REQUIRED WORK: None of the images should appear in your copy. Transcribe the data in full.

Records from a collection
----------------

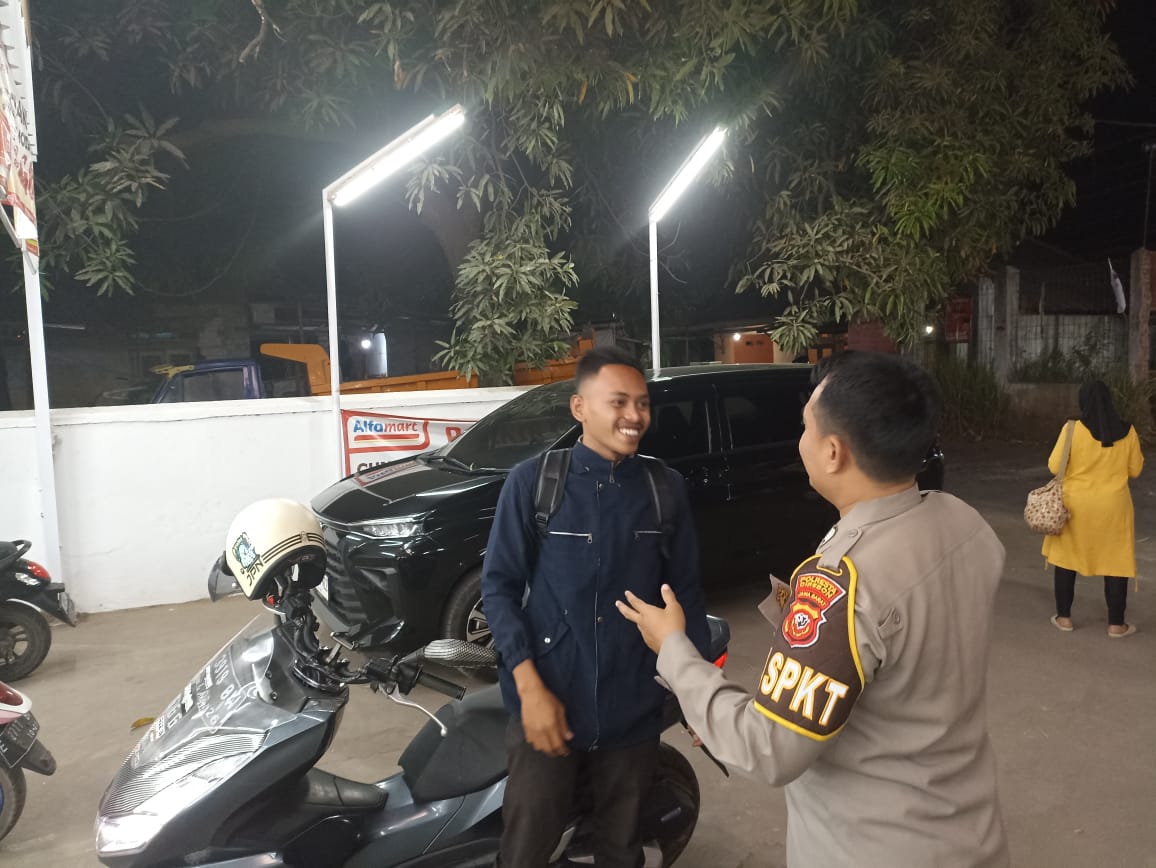 Giat Kepolisian dlm rangka cegah tangkal gangguan Kamtibmas, antisipasi C3, Genk motor dan tawuran menyampaikan himbauan kamtibmas dan mengajak berperan aktif memberikan informasi kamtibmas kepada pengunjung alfamart, warga dan anak-anak muda yang nongkrong agar segera membubarkan diri .
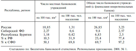 Таблица 11.9 Обеспеченность банковскими учреждениями в Республике Бурятия в сравнении с общероссийскими данными и показателями по СФО (на 01.01.2008 г.)
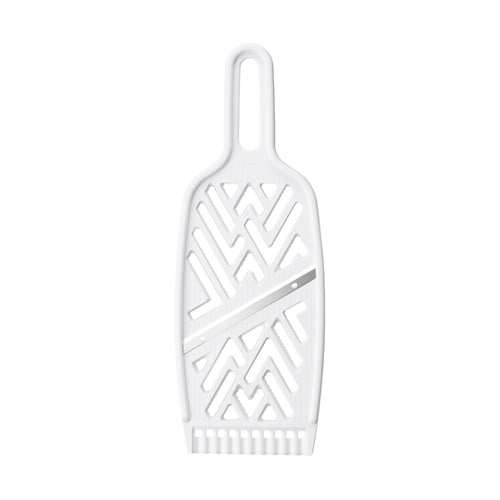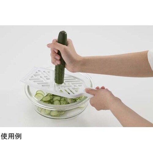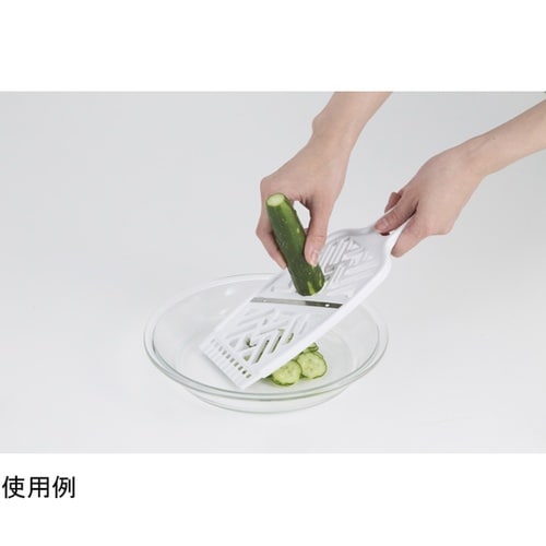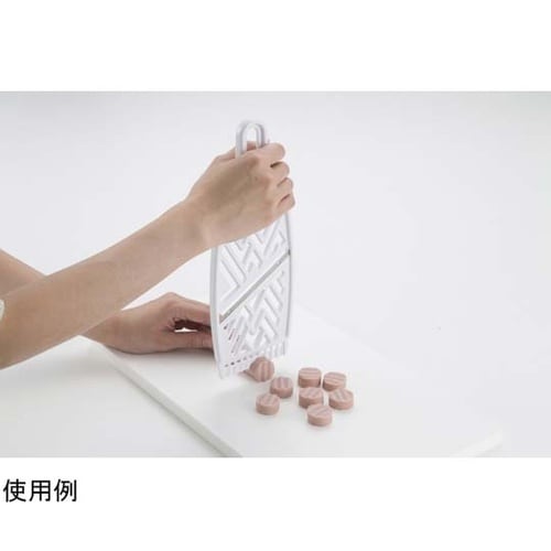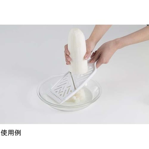 スライス・おろし・飾り切りができる。スライス・おろし・飾り切りができる、1台3役のスライサーです。日本製。表面はスライサーで、食材を約1mm(設計値)の厚さで調理することができます。 |
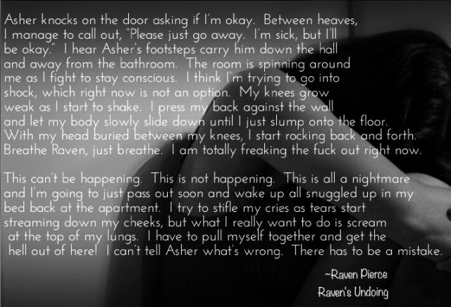 Asher knocks on the door, asking if I’m okay. Between heaves, I manage to call out, “Please just go away. I’m sick, but I’ll be okay.” I hear Asher’s footsteps carry him down the hall and away from the bathroom. The room is spinning around me as I fight to stay conscious. I think I’m trying to go into shock…which, right now, is not an option. My knees grow weak as I start to shake. I press my back against the wall and let my body slowly slide down until I just slump onto the floor. With my head buried between my knees, I start rocking back and forth. Breathe, Raven, just breathe. I am totally freaking the fuck out right now.
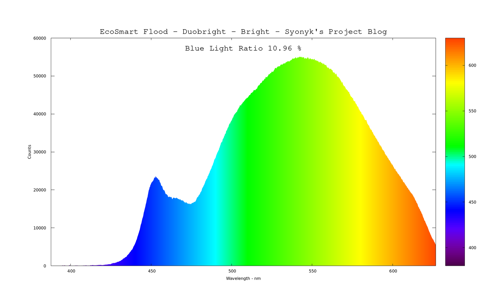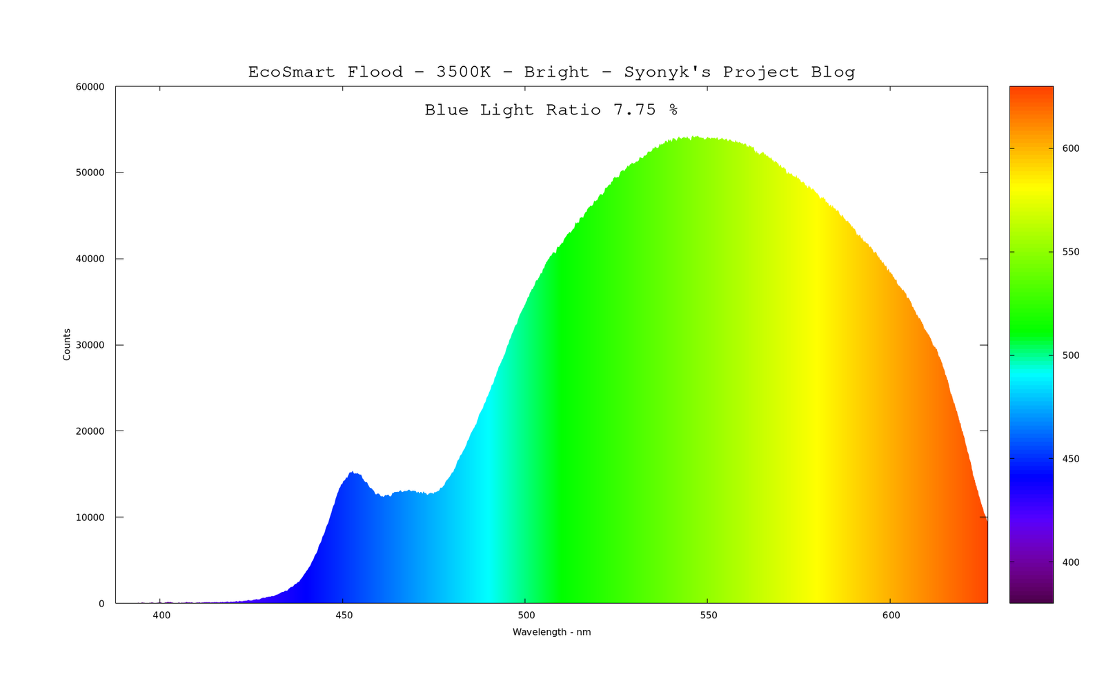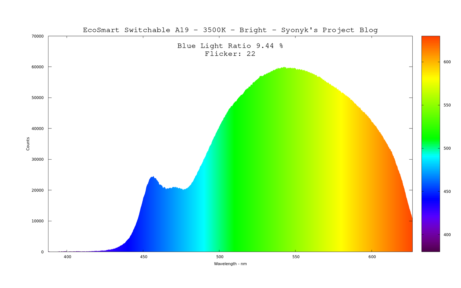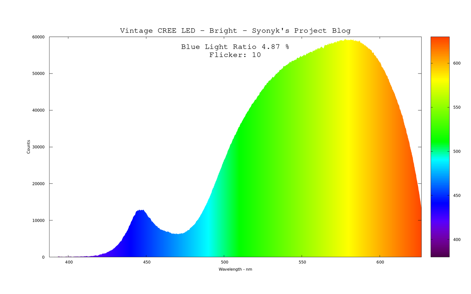 How are they? Well… they’re running a higher frequency (lower wavelength) blue emitter than most of the modern bulbs - and there’s that bit of a gap between the blue peak and the rest of the spectrum that happens to be more or less where humans are sensitive to blue. Do the math with the human sensitivity, and it’s somewhat lower in “human sleep impact blue” than a lot of the more modern bulbs. Again, it’s got a nice fat spread for the rest of the spectrum, though it’s tapering off earlier than I’d prefer in the reds.
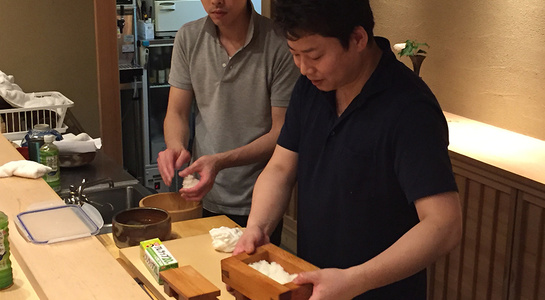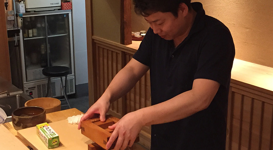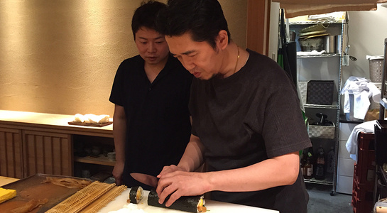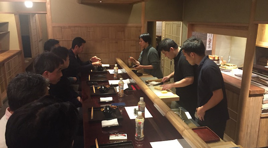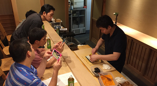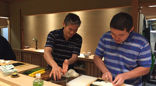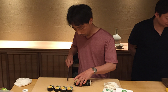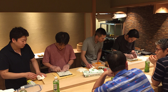 6月八頭会は寿司つばさにて巻き寿司と箱寿司の勉強会を開催しました。まずは、巻き寿司の「おぼろ」「椎茸」「かんぴょう」といった具材のつくり方、紙とタオルを使った巻き方の説明、実際の具材を使っての巻きから切るまでの実演後、メンバー各人も巻き寿司づくりに挑戦しました。(合間には江戸前鮨の二鶴さんとつばささんによる関西、関東の巻き寿司・太巻きの違いの話も。)
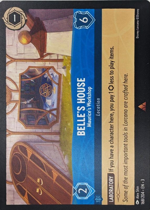 Belle's House - Maurice's Workshop's Disney Lorcana cards are available in at least 1 sets. Belle's House - Maurice's Workshop's biggest 7-day price movers are 2024 Into the Inklands #168/204 Base, 2024 Into the Inklands #168/204 Cold Foil, and 2024 Into the Inklands #219/204 Enchanted (Alternate Art).
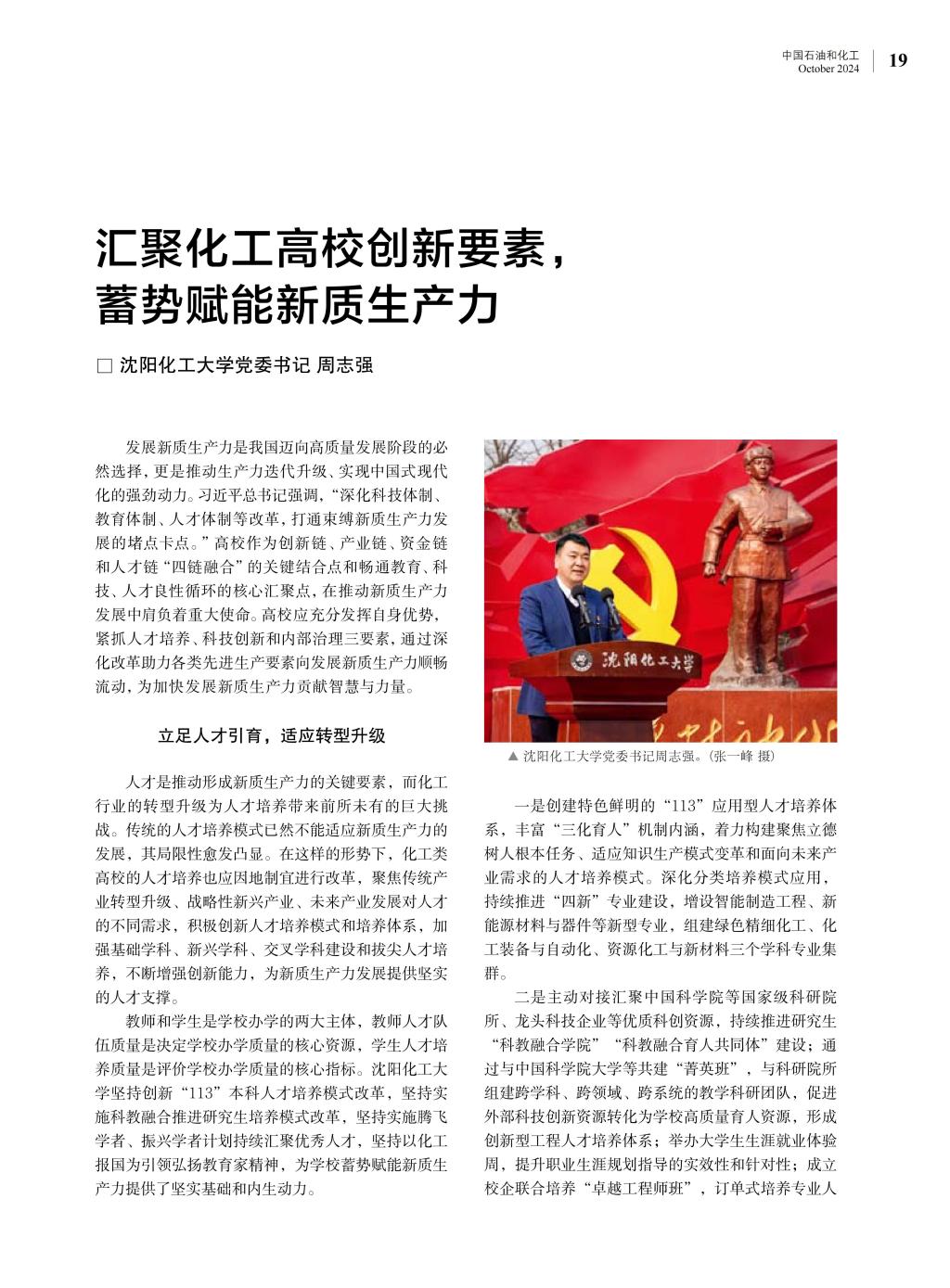 《中国石油和化工》刊发万象城党委书记周志强撰写的题为《汇聚化工高校创新要素, 蓄势赋能新质生产力》的文章
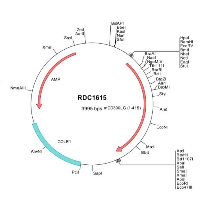 This shuttle vector contains the complete ORF for the gene of interest, along with a Kozak consensus sequence for optimal translation initiation. It is inserted NotI to AscI. The gene insert is flanked with convenient multiple cloning sites which can be used to easily cut and transfer the gene cassette into your desired expression vector.
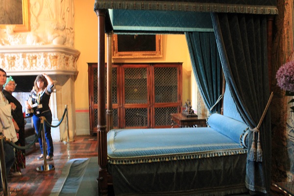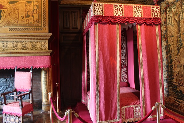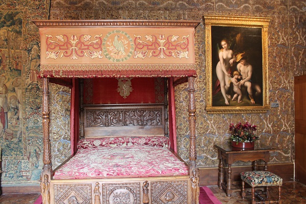 El aposento de Catalina de Medicis, una de las mujeres más influyentes de la época, madre de dos reinas, aparece recubierto con exquisitos tapices flamencos bajo La educación del amor del pintor Le Corrége; la cama con baldaquino es grande y majestuosa y se halla elevada sobre una plataforma cubierta con alfombra rosada.
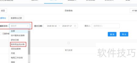 5、 进入狠巨态日志功能,点击模板名称后的输入框,在下拉菜单中选择财务现金流水账即可。

----------------

ANSWER:
 Giat Kepolisian dlm rangka cegah tangkal gangguan Kamtibmas, antisipasi C3, Genk motor dan tawuran menyampaikan himbauan kamtibmas dan mengajak berperan aktif memberikan informasi kamtibmas kepada pengunjung alfamart, warga dan anak-anak muda yang nongkrong agar segera membubarkan diri .
 Таблица 11.9 Обеспеченность банковскими учреждениями в Республике Бурятия в сравнении с общероссийскими данными и показателями по СФО (на 01.01.2008 г.)
 スライス・おろし・飾り切りができる。スライス・おろし・飾り切りができる、1台3役のスライサーです。日本製。表面はスライサーで、食材を約1mm(設計値)の厚さで調理することができます。 |
 Asher knocks on the door, asking if I’m okay. Between heaves, I manage to call out, “Please just go away. I’m sick, but I’ll be okay.” I hear Asher’s footsteps carry him down the hall and away from the bathroom. The room is spinning around me as I fight to stay conscious. I think I’m trying to go into shock…which, right now, is not an option. My knees grow weak as I start to shake. I press my back against the wall and let my body slowly slide down until I just slump onto the floor. With my head buried between my knees, I start rocking back and forth. Breathe, Raven, just breathe. I am totally freaking the fuck out right now.
 How are they? Well… they’re running a higher frequency (lower wavelength) blue emitter than most of the modern bulbs - and there’s that bit of a gap between the blue peak and the rest of the spectrum that happens to be more or less where humans are sensitive to blue. Do the math with the human sensitivity, and it’s somewhat lower in “human sleep impact blue” than a lot of the more modern bulbs. Again, it’s got a nice fat spread for the rest of the spectrum, though it’s tapering off earlier than I’d prefer in the reds.
 6月八頭会は寿司つばさにて巻き寿司と箱寿司の勉強会を開催しました。まずは、巻き寿司の「おぼろ」「椎茸」「かんぴょう」といった具材のつくり方、紙とタオルを使った巻き方の説明、実際の具材を使っての巻きから切るまでの実演後、メンバー各人も巻き寿司づくりに挑戦しました。(合間には江戸前鮨の二鶴さんとつばささんによる関西、関東の巻き寿司・太巻きの違いの話も。)
 Belle's House - Maurice's Workshop's Disney Lorcana cards are available in at least 1 sets. Belle's House - Maurice's Workshop's biggest 7-day price movers are 2024 Into the Inklands #168/204 Base, 2024 Into the Inklands #168/204 Cold Foil, and 2024 Into the Inklands #219/204 Enchanted (Alternate Art).
 《中国石油和化工》刊发万象城党委书记周志强撰写的题为《汇聚化工高校创新要素, 蓄势赋能新质生产力》的文章
 This shuttle vector contains the complete ORF for the gene of interest, along with a Kozak consensus sequence for optimal translation initiation. It is inserted NotI to AscI. The gene insert is flanked with convenient multiple cloning sites which can be used to easily cut and transfer the gene cassette into your desired expression vector.
 El aposento de Catalina de Medicis, una de las mujeres más influyentes de la época, madre de dos reinas, aparece recubierto con exquisitos tapices flamencos bajo La educación del amor del pintor Le Corrége; la cama con baldaquino es grande y majestuosa y se halla elevada sobre una plataforma cubierta con alfombra rosada.
 5、 进入狠巨态日志功能,点击模板名称后的输入框,在下拉菜单中选择财务现金流水账即可。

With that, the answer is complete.